Es una de las escenas de las que guardo mejor recuerdo y,
además, muchos lectores me han dicho que también es una de sus favoritas.
Otra secuencia que me supuso un reto fue la persecución de
Milton entre los escombros. Quería transmitir esa sensación de alguien que
corre como puede, tropezando continuamente, sin convertir la escena en una
carrera limpia o heroica. Por eso utilicé varias viñetas para descomponer el
movimiento y dar la sensación de peso, torpeza y agotamiento.
Curiosamente, también hay escenas con las que no terminé del
todo satisfecho.
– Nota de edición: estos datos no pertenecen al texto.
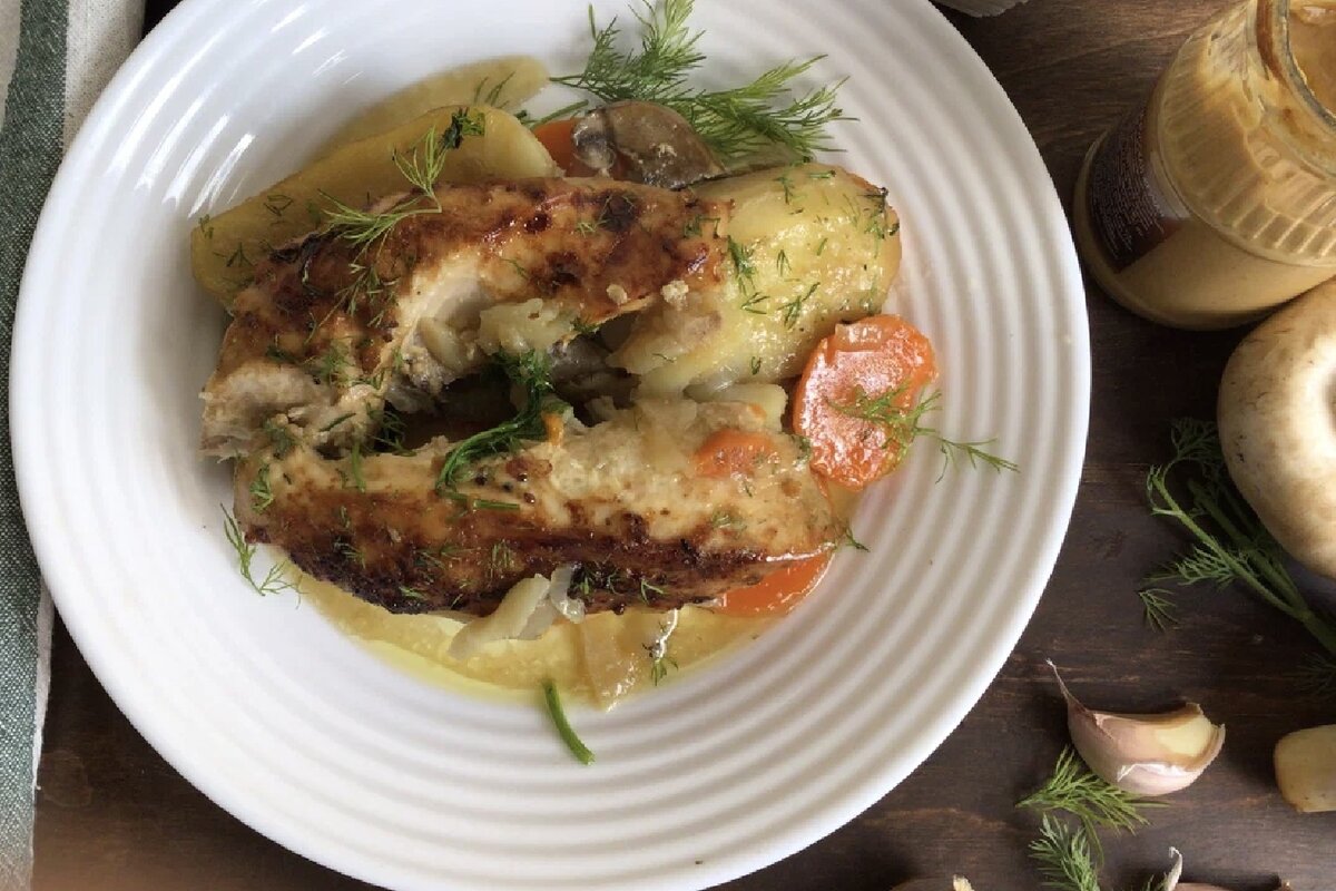 Здравствуйте, дорогие подписчики и гости моего канала. Мясо куриной грудки само по себе, сухое мясо, а если его ещё и запекать просто так, то получается просто “ бумажное мясо”. Поэтому я использую различные маринады для грудки. Но больше всего понравился маринад на основе мёда и горчицы. Именно эти продукты придают сочность и яркий вкус для мяса. Но соус я делаю сама, так как отлично знаю в каких пропорциях мёд и горчицу добавить в мясо. Да и про гарнир не надо забывать. Побольше овощей, это еще один плюс, чтобы получить блюдо вкусным. Первым делом приготовим первый маринад. В миске смешиваем чеснок, майонез. Соевый соус, горчицу в зёрнах и чёрный молотый перец. Всё хорошо перемешиваем. Данным маринадом хорошо обмазываем каждый кусочек куриной грудки и оставляем на 1-2 часа, чтобы мясо хорошо промариновалось. Для овощной подушки ( гарнир) я использую мороженные кабачки, картофель, грибы, лук и морковь. Овощи ( лук, грибы и кабачки ) надо предварительно обжарить. После э

Por ejemplo, la de la casa de la familia —sin entrar en
detalles para no hacer spoilers—. Ahora la veo y creo que funciona, pero
durante el proceso sentía que no había conseguido resolverla exactamente como
quería, sobre todo por cuestiones relacionadas con la documentación.
Los propios escombros también fueron un reto constante. No
quería que fueran simplemente una masa informe de piedras. Intenté que tuvieran
volumen, que ayudaran a construir el espacio y que cada escenario tuviera
personalidad. Ahí sí contaba con cierta experiencia. Siempre digo que uno de
mis referentes dibujando escombros ha sido Brian Hitch, especialmente en The
Ultimates, porque me parece que lo hacía de una forma extraordinaria.
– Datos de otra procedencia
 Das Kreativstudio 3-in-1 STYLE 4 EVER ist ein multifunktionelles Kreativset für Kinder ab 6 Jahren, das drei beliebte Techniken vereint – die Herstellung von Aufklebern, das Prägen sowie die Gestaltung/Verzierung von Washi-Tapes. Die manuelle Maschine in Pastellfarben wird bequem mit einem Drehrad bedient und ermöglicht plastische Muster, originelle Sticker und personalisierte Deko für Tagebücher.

Y luego estaba el desafío de los propios personajes. Aunque
había dibujado animales en otras ocasiones, nunca había afrontado una obra
entera protagonizada por personajes antropomórficos. Mi objetivo era que no
parecieran simplemente un cuerpo humano con una cabeza de animal, como esos
vídeos que circulan por internet donde se nota que ambas cosas no terminan de
encajar.
Quería que tuvieran una anatomía coherente y que resultaran
muy expresivos. Esa fue probablemente una de las mayores dificultades. Hay
animales con hocicos muy alargados y, a veces, conseguir que una expresión
funcione únicamente moviendo la boca resulta bastante complicado. Sentía que me
faltaban recursos para resolver algunas expresiones, pero también forma parte
del aprendizaje.
Y eso es precisamente lo bonito de esta profesión: siempre
estás aprendiendo. Cada proyecto te obliga a enfrentarte a problemas nuevos y,
al final, eso es lo que te hace evolucionar como dibujante.